Non-small-cell lung cancer
About eight in 10 primary lung cancers are diagnosed as NSCLC. There are three types of NSCLC.
- Squamous cell carcinoma is the most common type of lung cancer and affects the bronchi.
- Adenocarcinoma mainly affects the outer part of your lungs and is the most common lung cancer in women and non-smokers.
- Large cell carcinoma can affect any part of the lungs and occurs in about one in 10 of all lung cancers.
It’s not always possible to identify the exact type of NSCLC you have and you may be diagnosed with ‘undifferentiated’ NSCLC. This won’t make any difference to your treatment as all NSCLC is treated the same way (see Treatment of lung cancer).
Small-cell lung cancer
This type of lung cancer starts in the smallest cells in your lungs – usually in the cells lining your bronchi. It can develop very fast and spread to other parts of the body very early – often before it’s been diagnosed. For this reason SCLC can be difficult to treat.
Symptoms of lung cancer
Most people with lung cancer have no early symptoms at all, but others may have:
- a cough – this can come on gradually
- a change in a cough you have had a long time – for example if you smoke, a constant dry cough may become chesty
- blood-stained phlegm (sputum)
- shortness of breath
- loss of appetite
- weight loss
Less common symptoms include:
- swelling of your face or neck
- a hoarse voice
- chest or shoulder pain
- broadening or thickening of the tips of the fingers (called clubbing)

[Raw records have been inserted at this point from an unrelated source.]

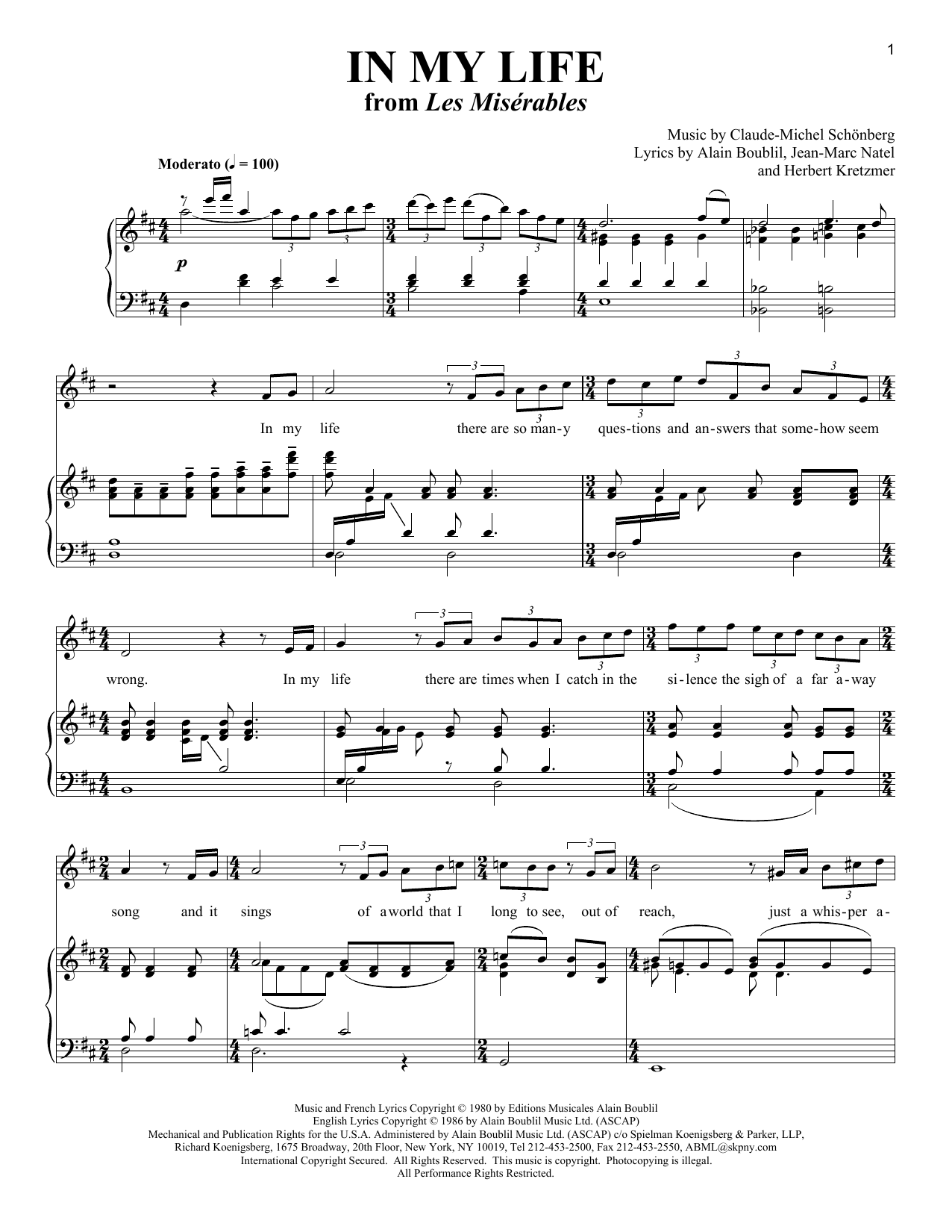 Download or print Alain Boublil In My Life (from Les Miserables) sheet music, chords and digital score arranged for Piano & Vocal. This Classical score includes 2 page(s).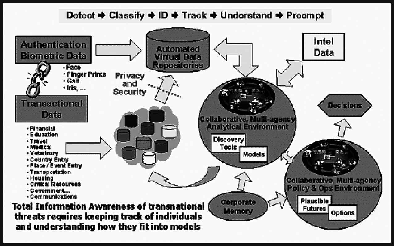 “这种新的数据资源就是‘交易空间’(Transaction Space)。如果恐怖分子要计划、执行一次恐怖活动,他们必定会在信息空间中留下某种‘数据脚印’。也就是说,他需要‘交易’,这种交易的数据记录,可以是通讯、财务、教育、医疗,也可以是旅行、交通、出入境、房屋等等其他一切数据记录。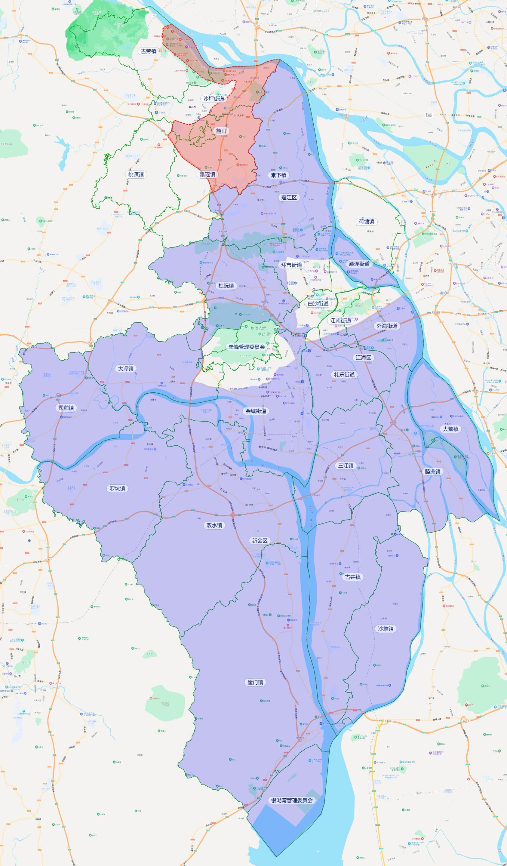 第一批开放区域:蓬江区为江侨路以北、江门大道以西区域(不包括荷塘镇);江海区为五邑路以南区域;新会区为冈州大道以南区域(不包括新会大道及大泽镇G240道路)。详见附件示意图紫色区域。

These symptoms aren’t always caused by lung cancer but if you have had them for longer than three weeks, see your GP.
Smoking is the major cause of lung cancer, causing around nine in 10 lung cancers. Passive or second-hand smoking (breathing in other people’s smoke) is also linked to lung cancer.
Other factors that make lung cancer more likely include the following.
- Exposure to asbestos.
- Exposure to high levels of radon gas, a naturally occurring radioactive gas.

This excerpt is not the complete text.